Downsiders
Talon squeezed Lindsay’s hand tighter, so it could not slip out of his grasp. “Run!” he said. “Run and, whatever you do, don’t look back!”
Lindsay didn’t bother to ask for an explanation. Nor did she need to see Talon’s face in the shadows. She knew instantly by his tone of voice that this was not about being caught breaking the rules; it was about living, or dying.
She could feel the rumble now, and heard the violent churning of water behind them. At first she thought it might be some sort of flood—a sewer discharge pounding their way—until she heard the ghastly moaning, deep and guttural, of something, no, of a great many things, that were very much alive, and bearing down on her and Talon far faster than they could run. She had heard the stories of alligators in the sewers. Now she knew that those tales must have been true, although she never imagined alligators would make that kind of noise.
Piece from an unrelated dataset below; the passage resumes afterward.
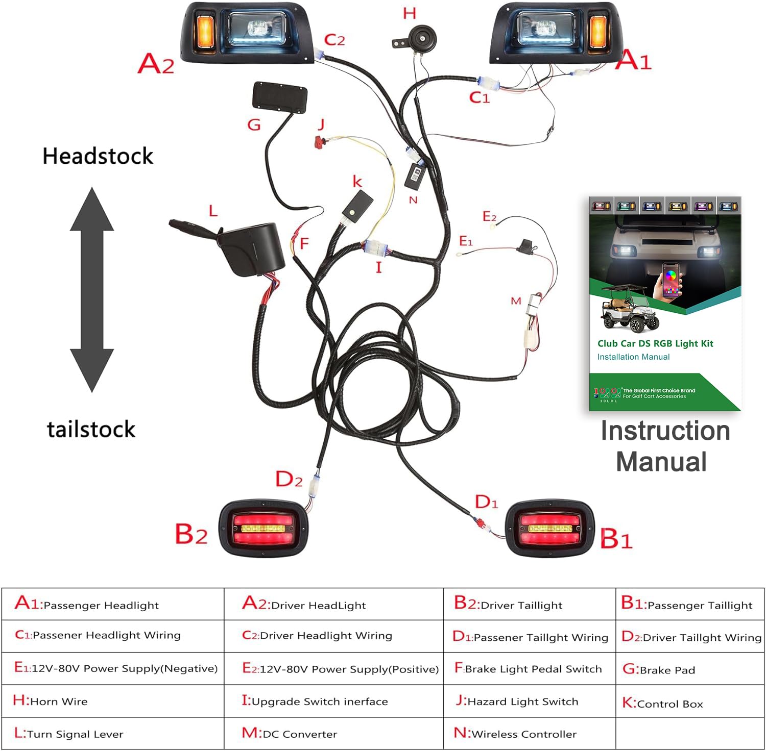 - Make golf cart street legal: Come with golf cart turn signal kit, added brake light, hazard flasher, horn, front rear turn signal function to a factory golf cart

“There’s the ladder,” Talon shouted. It was only thirty yards away now, stretching down from a shaft much wider than the one they had first fallen through. “We can make it.”
But Lindsay wasn’t so sure, for the rumbling and churning was deafening now, and so was that gruesome groaning that reverberated hollowly around them—a sound so strange, and yet oddly familiar.
The light from the shaft ahead lit the way now, reflecting off the slick limestone bricks that lined the Bot, making it brutally clear how far away they still were from the ladder— and although Talon had warned her not to look, she did not want to die without knowing the nature of her end. She forced a glance behind her, expecting to see a pack of toothy, reptilian monstrosities bearing down on them—but that couldn’t be further from the truth.
I must be going crazy, she thought. Those can’t be what I think they are. But indeed they were, and now they were twenty yards and closing....
While alligators once had been a legitimate reason to avoid the Bot, sadly, they no longer played a significant part in Downside life. Their meat, once a staple of Downside existence, hadn’t been seen on a dinner table for more than ten years.
It was no mystery how the reptiles had originally gotten there—in the good old days, Topside children would buy baby gators on their Florida vacations. Then after an ungrateful nip or an unpleasant tussle with kitty, the baby gators were sent on a one-way flush down into the sewer. Once there, they would begin a new life, and provide many a hero’s scar among the proud hunters of the Downside.... But that was long ago. Thanks to those same proud hunters, and the fact that children now returned from Florida with mouse-ears instead of reptiles, the sewer gators had become extinct.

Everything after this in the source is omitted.